Gérer une entreprise s'est toutefois révélé éprouvant, et l'accumulation des factures l'a poussée à fermer l'activité en 2023.
"J'étais anéantie. Je traversais une dépression post-partum. Les gens pensent que posséder un salon, c'est 'the tea', parce qu'ils le voient sur Instagram. Ce n'est pas facile. Je ne pouvais plus payer les factures et le salon a commencé à faire faillite sur moi," a-t-elle dit.
Plutôt que d'abandonner, Francis s'est installée à Kingston une fois que son fils aîné s'est hissé parmi les meilleurs résultats nationaux au PEP.
"J'ai décidé que c'était le bon moment parce qu'il y avait de meilleures opportunités éducatives pour lui et davantage d'opportunités pour moi. Je savais qu'avec ma personnalité et mes compétences en affaires, je pouvais vraiment me vendre de la bonne manière. Je voulais bâtir de vraies fondations et montrer aux filles que peu importe ce que vous traversez, même si vous faites un détour, vous pouvez quand même y arriver," a-t-elle dit.

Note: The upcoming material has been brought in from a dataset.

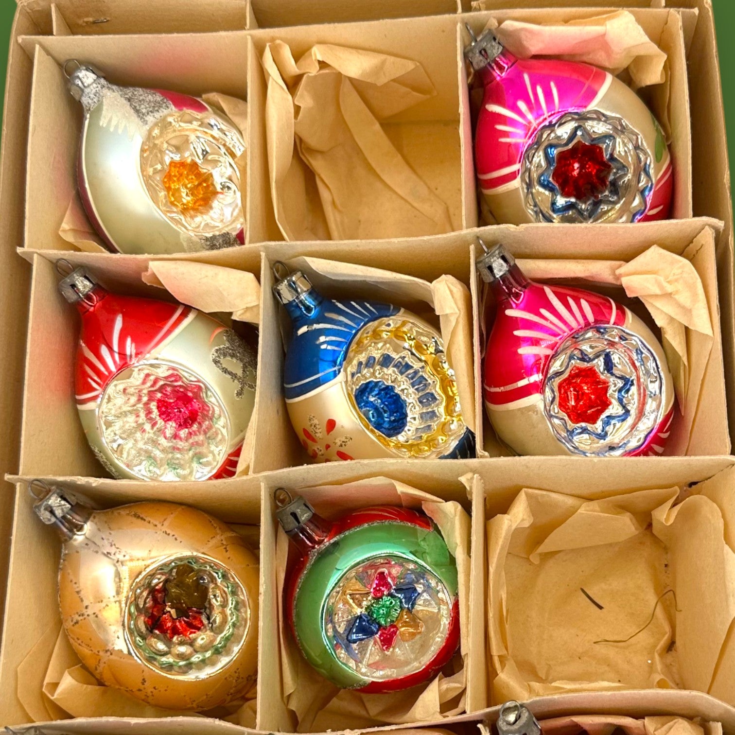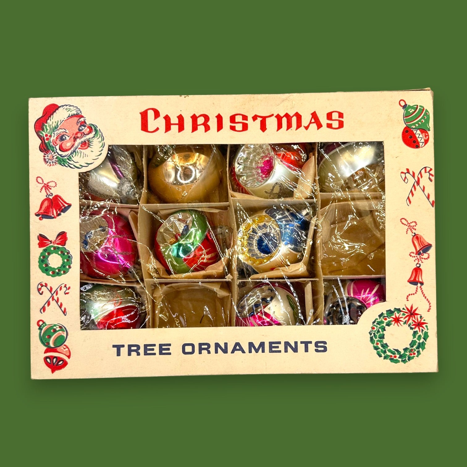 Christmas Tree Ornaments: Vintage Murcury Glass Indents Boxed Set 2.5" Ball 🎅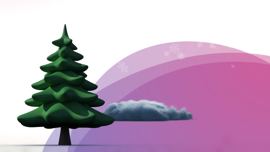 This scene showcases a digital composition featuring a stylized pine tree and cloud against a smooth pastel gradient with hints of snowflakes. The geometric styling and clean lines make it great for modern holiday graphics, creative backgrounds, and design projects with an artistic flair.

Aujourd'hui, elle admet parfois devoir rire de la distance parcourue — d'avoir dépensé sans compter dans les cabanas de fête à se tenir aux côtés de marques internationales lors de ces mêmes événements.
"J'ai réellement manifesté la vie que je mène en ce moment. C'est un vrai flex pour moi. Je suis dans mon ère de travail, en faisant se sentir les gens beaux," a-t-elle dit.